In particular, dark chocolate, which contains more cocoa and less sugar and milk than milk chocolate, is typically a healthier choice. Dark chocolate has high percentages of cocoa, flavonoids, and theobromine and low content of sugar, differently from milk chocolate or other types of chocolate, would be associated with health-promoting effects, including the prevention of cardiovascular disease. Similarly, cocoa induces positive effects on blood pressure, insulin resistance, and vascular function. It is richer in magnesium and antioxidants, substances that can help reduce inflammation in the body.
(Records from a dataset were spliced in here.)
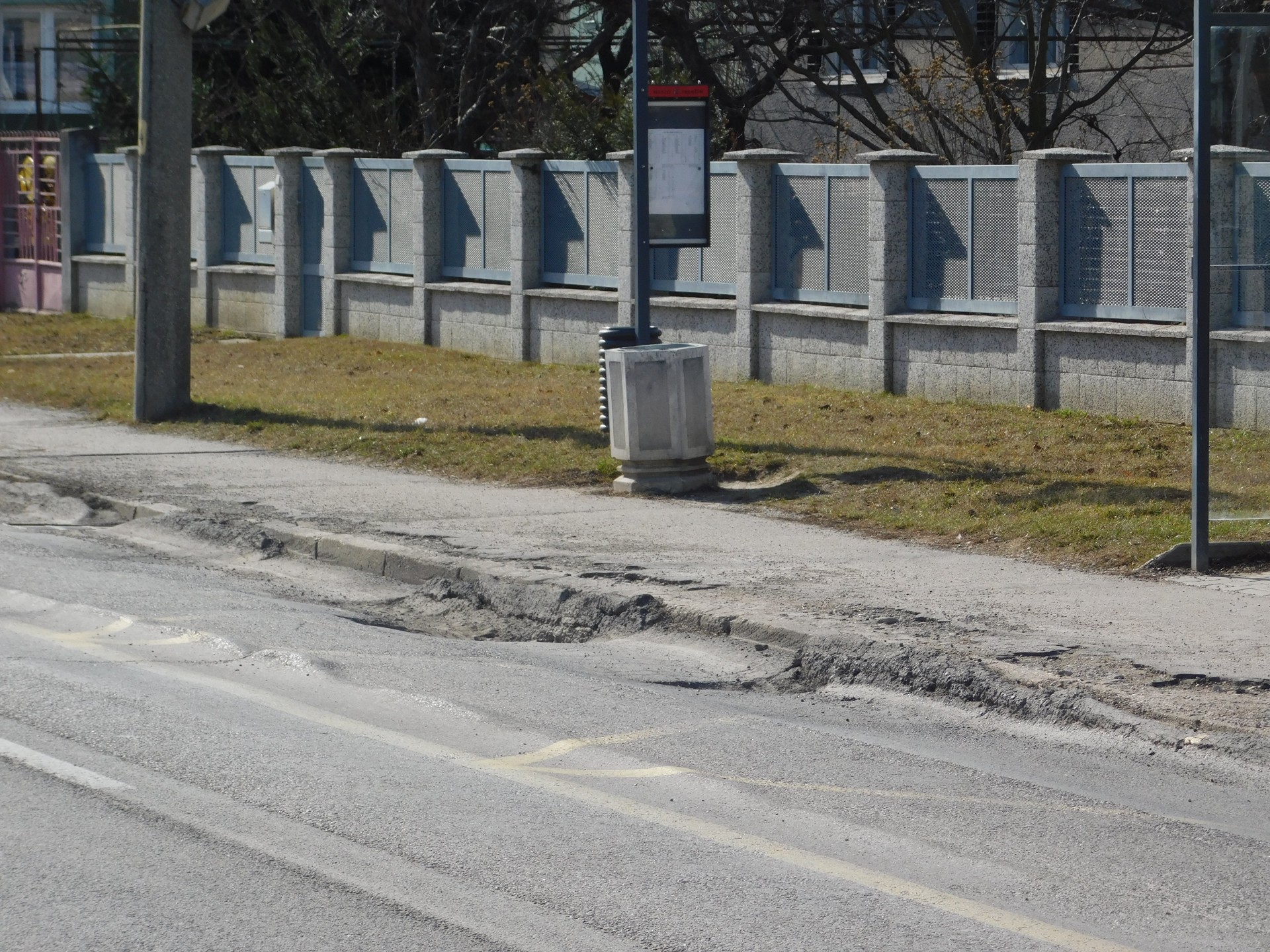 Poškodená zastávka Inovecká smer Juh.
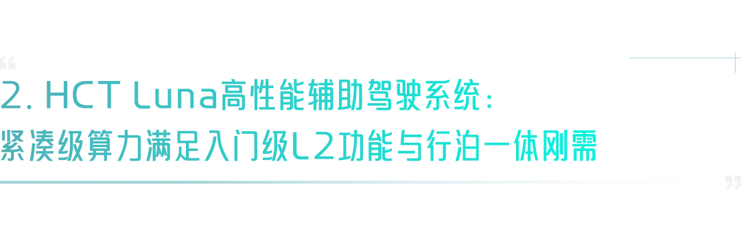 其中,HCT Luna高性能前视一体机专为量产标配打造,支持更强更全面的主动安全功能,并提供舒适与拟人化的行车体验。HCT Luna行泊一体入门级辅助驾驶系统基于单颗J6B芯片,覆盖从行车到泊车的主要场景需求,如高速NOA、集成式巡航辅助ICA、智能泊车APA、遥控泊车RPA等,满足全球各个国家市场的法规及安全标准,推动极具性价比的行泊一体方案量产落地,引领辅助驾驶标配普及。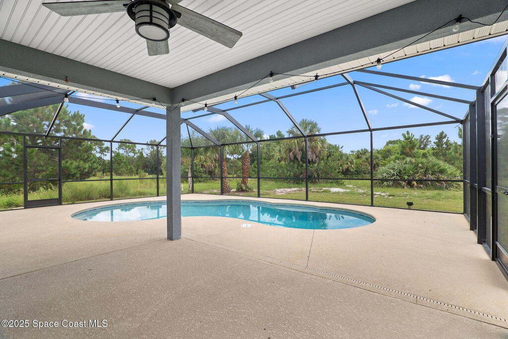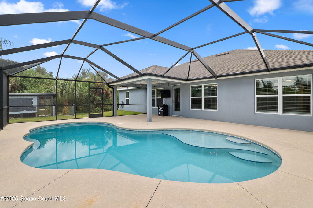 Welcome to your dream retreat! This stunning single-story home, built by Adams Homes in 2019, sits on a spacious 0.23-acre lot, offering the perfect blend of modern comfort and peaceful privacy with vacant lots surrounding the property . The split floor plan, features a luxurious primary suite with a walk-in closet, double vanity, and garden tub/shower. This open-concept layout is ideal for entertaining, with a modern kitchen flowing seamlessly into the dining and living areas. Enjoy Florida living year-round with your 2021 saltwater pool, complete with a screen enclosure. This natural landscape property also includes a custom built fenced-in chicken coop.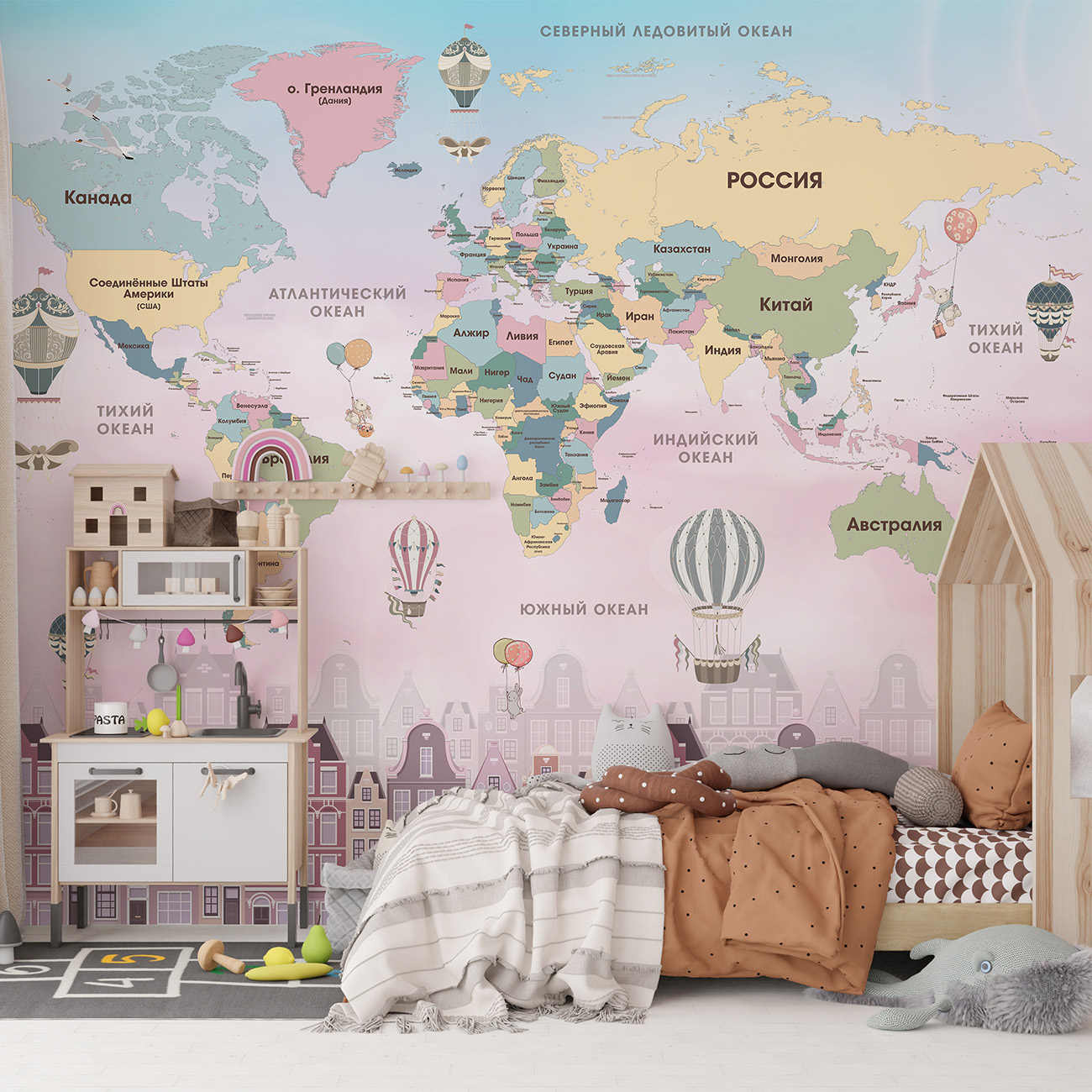 Фотообои F-079 "Детская карта над городом" 400х270

Milk chocolate, on the other hand, often contains higher amounts of sugar and fewer beneficial nutrients. Milk chocolate has been believed to be associated with adverse effects due to its sugar content. Therefore, it's generally less recommended for menstrual health.

Conclusion

So, is chocolate a friend or foe when it comes to menstrual cramps? The answer is: it depends. Dark chocolate, consumed in moderation, can provide valuable nutrients and potential mood-boosting effects. However, the high sugar and caffeine content in many chocolate products could potentially worsen menstrual symptoms.

The key lies in mindful consumption. If you crave chocolate during your menstrual cycle, opt for dark chocolate with a high cocoa content and lower sugar levels. As with any dietary changes, listen to your body's signals, and consider consulting with a healthcare provider or a registered dietitian to make dietary choices that best support your health.
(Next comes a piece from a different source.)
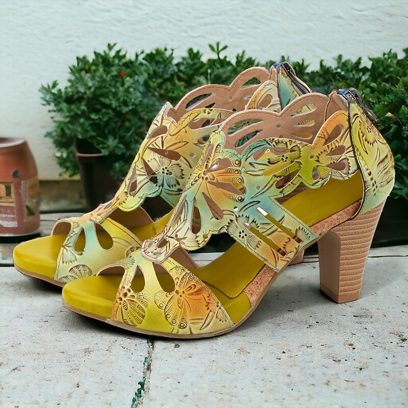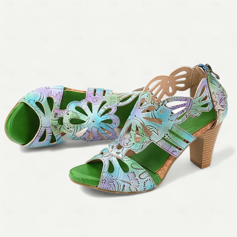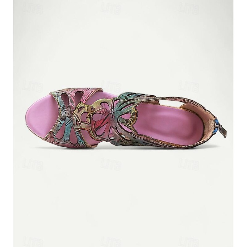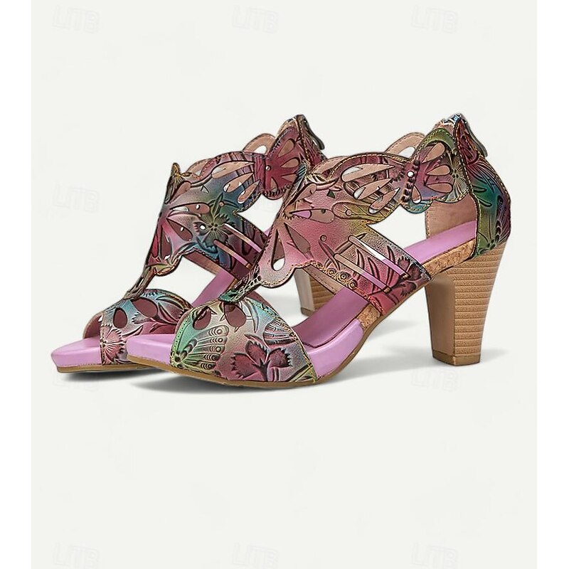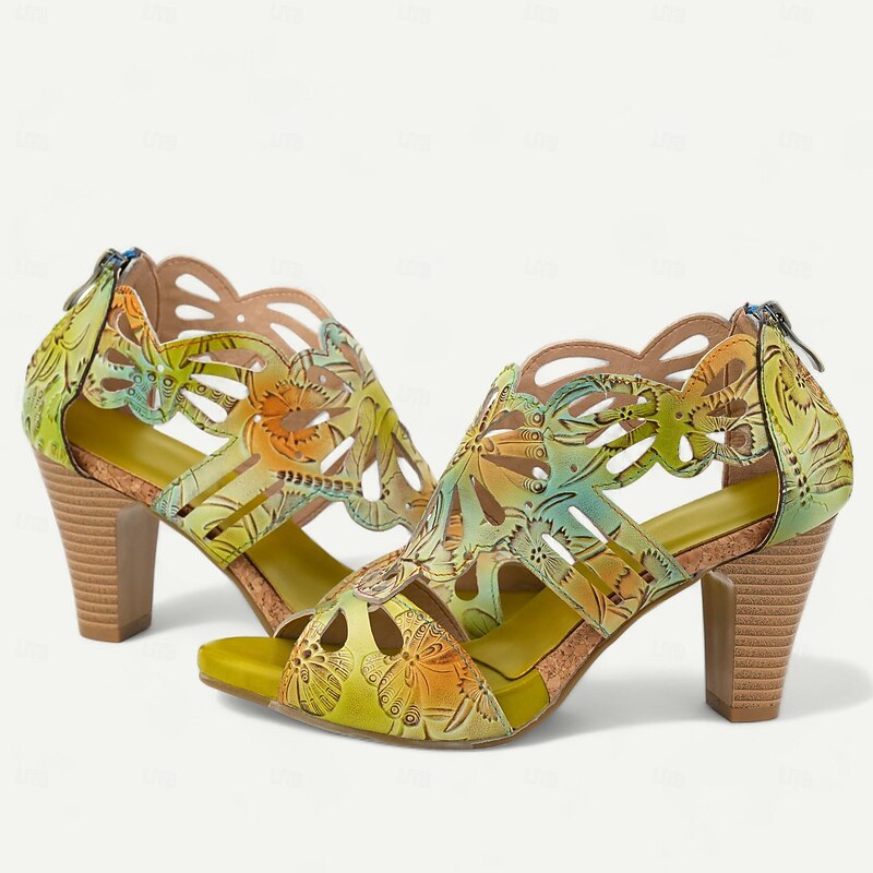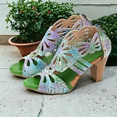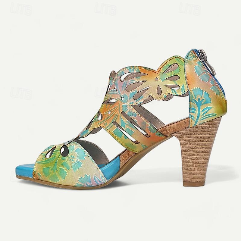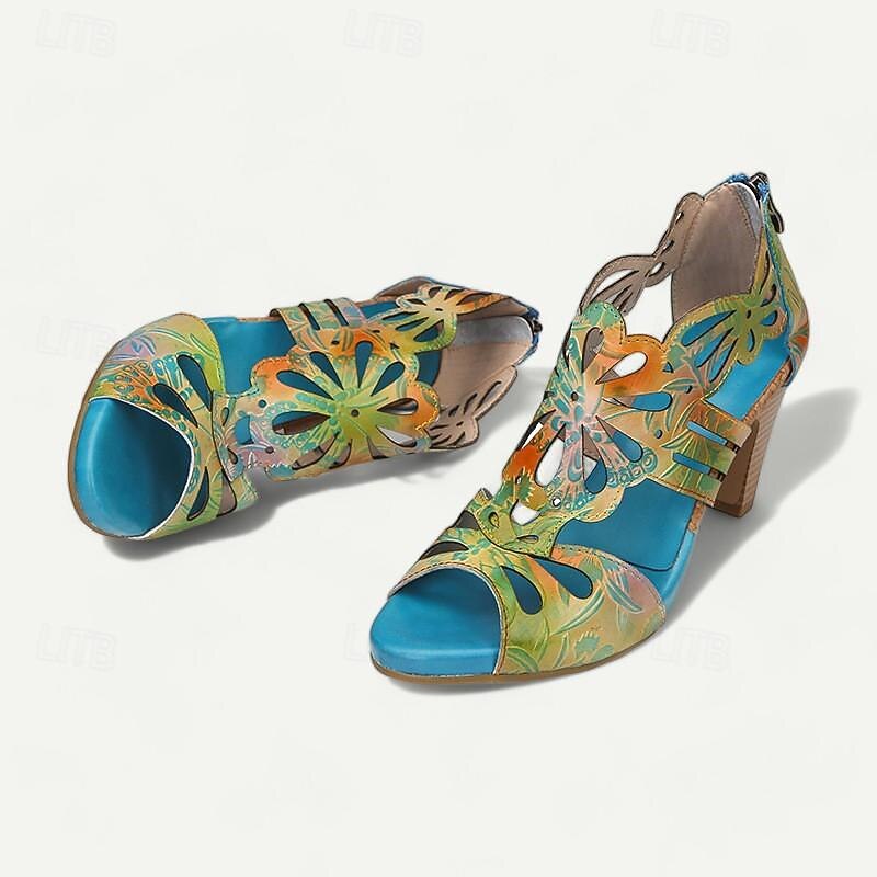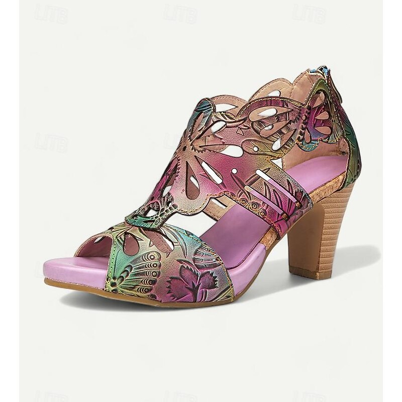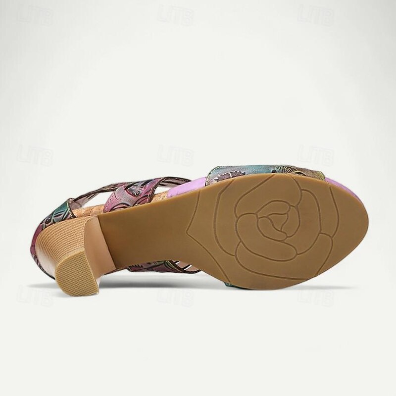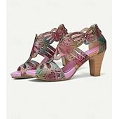 Highlights [Fabric] : Crafted from 100% premium cowhide, these elegant women's sandals feature a quality upper material that offers durability and a luxurious feel. The inner lining uses synthetic leather for added comfort and reliability throughout the day. [Style] : With a vintage design that incorporates a cone heel, chunky heel, and platform, these sandals perfectly combine elegance with stability. The peep toe adds a touch of sophistication, making them a versatile addition to any wardrobe. [Design Highlights] : The sandals showcase intricate cutout patterns resembling floral motifs that enhance their artistic appeal. The vibrant multicolored upper includes shades of purple, yellow, and light purple, complemented by a deep purple inner lining for bold contrast. A convenient zipper closure ensures easy wearability. [Occasions] : Ideal for various settings, these sandals can effortlessly elevate casual outings or special occasions. Whether you’re attending a summer party, exploring the city, or enjoying a leisurely weekend, these sandals provide both comfort and style. [Size Notice] : Available in a range of sizes from US6 to US12, these sandals cater to a wide spectrum of foot sizes, ensuring a perfect fit for different preferences and needs.

Remember, every individual is unique. What works for one person might not work for another. Understanding your body's responses to different foods can empower you to make informed dietary choices that support your menstrual health and overall well-being.

【Reference】

  1. Montagna MT, Diella G, Triggiano F, Caponio GR, De Giglio O, Caggiano G, Di Ciaula A, Portincasa P. Chocolate, "Food of the Gods": History, Science, and Human Health. Int J Environ Res Public Health. 2019 Dec 6;16(24):4960. 
  2. Nowaczewska M, Wiciński M, Kaźmierczak W, Kaźmierczak H. To Eat or Not to Eat: A Review of the Relationship between Chocolate and Migraines. Nutrients. 2020 Feb 26;12(3):608.
  3. Gök S, Gök B. Investigation of Laboratory and Clinical Features of Primary Dysmenorrhea: Comparison of Magnesium and Oral Contraceptives in Treatment. Cureus. 2022 Nov 29;14(11):e32028.
  4. Drummond, P. D. "Tryptophan depletion increases nausea, headache and photophobia in migraine sufferers." Cephalalgia 26.10 (2006): 1225-1233.
  5. Samanta S, Sarkar T, Chakraborty R, Rebezov M, Shariati MA, Thiruvengadam M, Rengasamy KRR. Dark chocolate: An overview of its biological activity, processing, and fortification approaches. Curr Res Food Sci. 2022 Oct 15;5:1916-1943.